### [What you have to do]
I need every line from the start of the material below up to and including the line containing "เทียบสเปค รุ่นย่อย DOLPHIN", restated exactly, with the pictures omitted.

### Extracted material ###

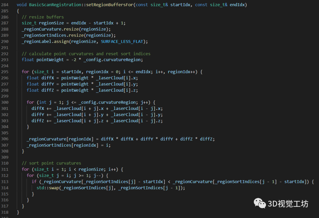 该部分代码通过求取diffX * diffX + diffY * diffY + diffZ * diffZ 来近似表示曲率,通过曲率的大小来划分是角点和平面点。其中 _config.curvatureRegion 设为5,表示取该点左右各5个点作为邻域范围来求取曲率。因此pointWeight = -2 * _config.curvatureRegion = -10,带入循环公式中变为:
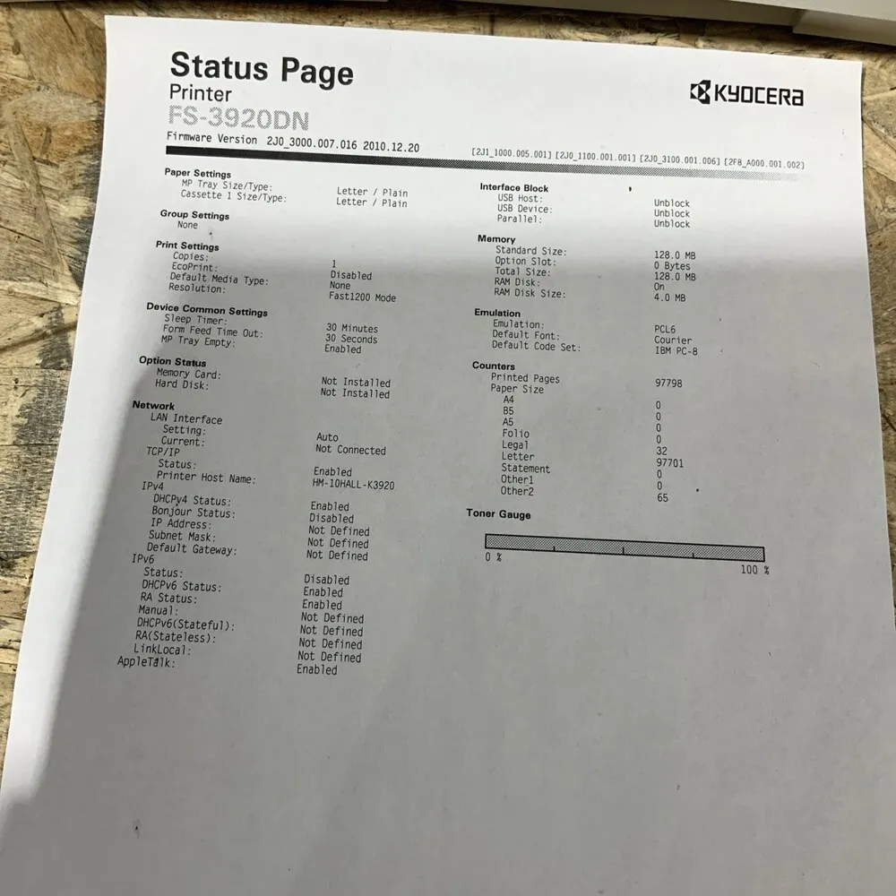 The KYOCERA FS-3920DN is a monochrome laser printer designed for high-volume office environments. It features a fast print speed of up to 40 pages per minute and a standard input capacity of 600 sheets, extendable up to 2,600 sheets with optional trays. The printer supports a resolution of 1200 x 1200 dpi, ensuring sharp, professional-quality text outputs. Connectivity options include USB 2.0 and Ethernet 10/100Base-TX for seamless network integration. It supports PCL6 and KPDL (Kyocera's PostScript emulation) printing languages, enabling versatile compatibility. Energy-saving features are built in, complying with ENERGY STAR guidelines to reduce power consumption during low activity periods.
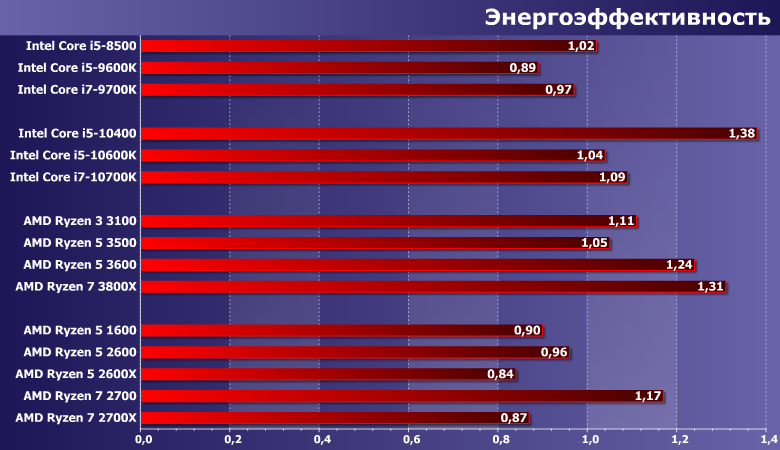 Но если процесс идет «как надо», то производительность увеличивается быстрее — поэтому растет и энергоэффективность. На текущем этапе у AMD успехи в этом плане более впечатляющие... Хотя, честно говоря, Core i5-10400 нас немного поразил. Учитывая, что это фактически еще чистый Coffee Lake образца 2017 года, возникает вопрос — а сразу вот так нельзя было что ли? :)
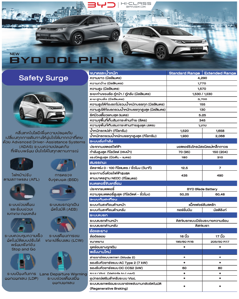 เทียบสเปค รุ่นย่อย DOLPHIN
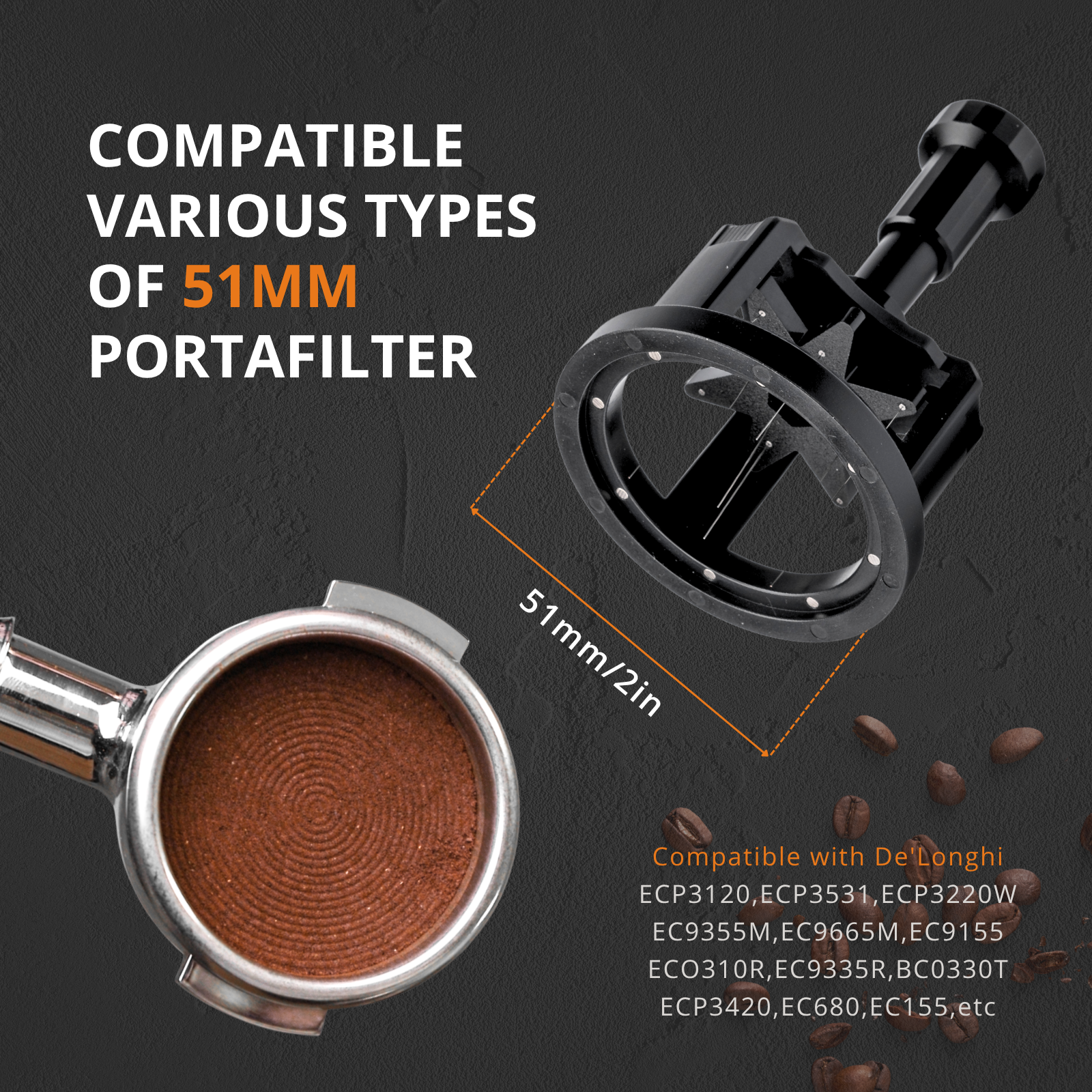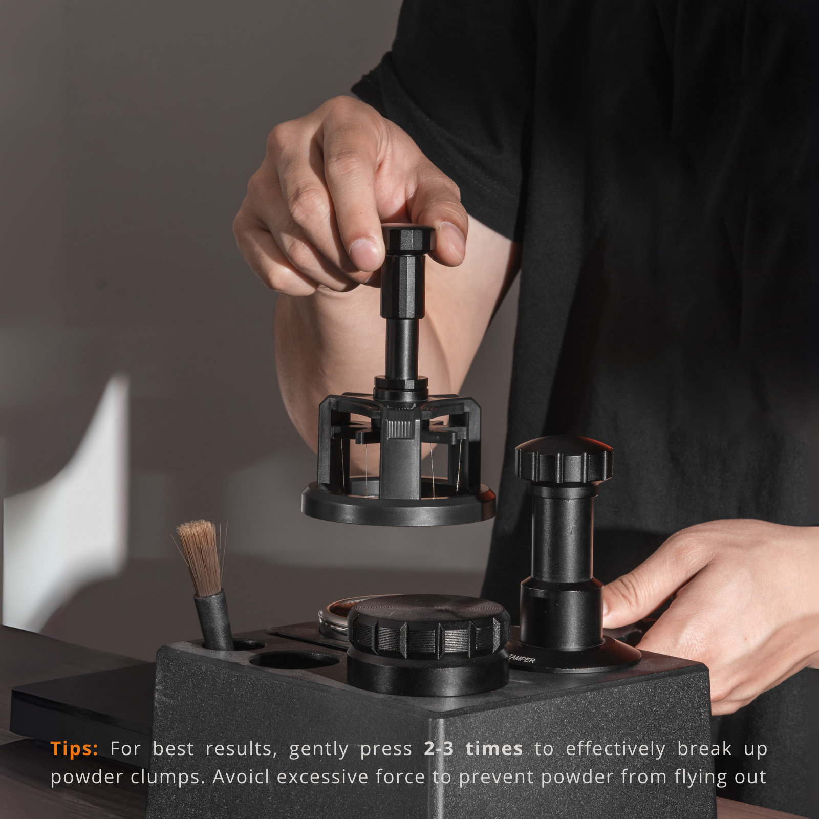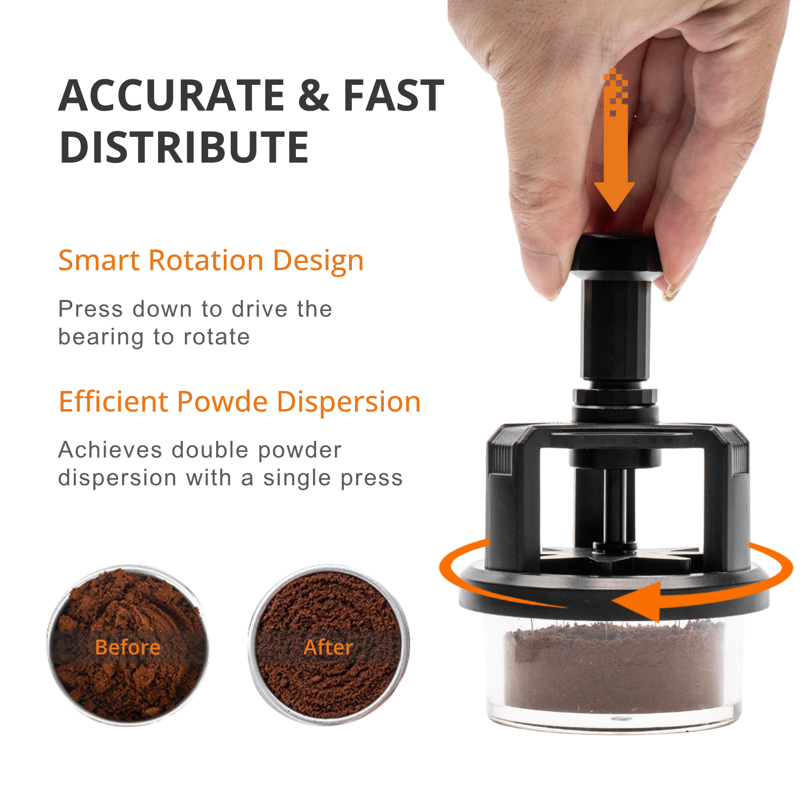- Semi-Automatic WDT Tool: Activate the screw-driven mechanism by pressing the handle—our one-way bearing rotates smoothly, guiding 9 ultra-fine needles to break clumps and evenly distribute coffee grounds. This semi-automatic design mimics professional barista techniques, ensuring optimal extraction consistency for richer, balanced espresso shots

###

### [Completed exercise]
 该部分代码通过求取diffX * diffX + diffY * diffY + diffZ * diffZ 来近似表示曲率,通过曲率的大小来划分是角点和平面点。其中 _config.curvatureRegion 设为5,表示取该点左右各5个点作为邻域范围来求取曲率。因此pointWeight = -2 * _config.curvatureRegion = -10,带入循环公式中变为:
 The KYOCERA FS-3920DN is a monochrome laser printer designed for high-volume office environments. It features a fast print speed of up to 40 pages per minute and a standard input capacity of 600 sheets, extendable up to 2,600 sheets with optional trays. The printer supports a resolution of 1200 x 1200 dpi, ensuring sharp, professional-quality text outputs. Connectivity options include USB 2.0 and Ethernet 10/100Base-TX for seamless network integration. It supports PCL6 and KPDL (Kyocera's PostScript emulation) printing languages, enabling versatile compatibility. Energy-saving features are built in, complying with ENERGY STAR guidelines to reduce power consumption during low activity periods.
 Но если процесс идет «как надо», то производительность увеличивается быстрее — поэтому растет и энергоэффективность. На текущем этапе у AMD успехи в этом плане более впечатляющие... Хотя, честно говоря, Core i5-10400 нас немного поразил. Учитывая, что это фактически еще чистый Coffee Lake образца 2017 года, возникает вопрос — а сразу вот так нельзя было что ли? :)
 เทียบสเปค รุ่นย่อย DOLPHIN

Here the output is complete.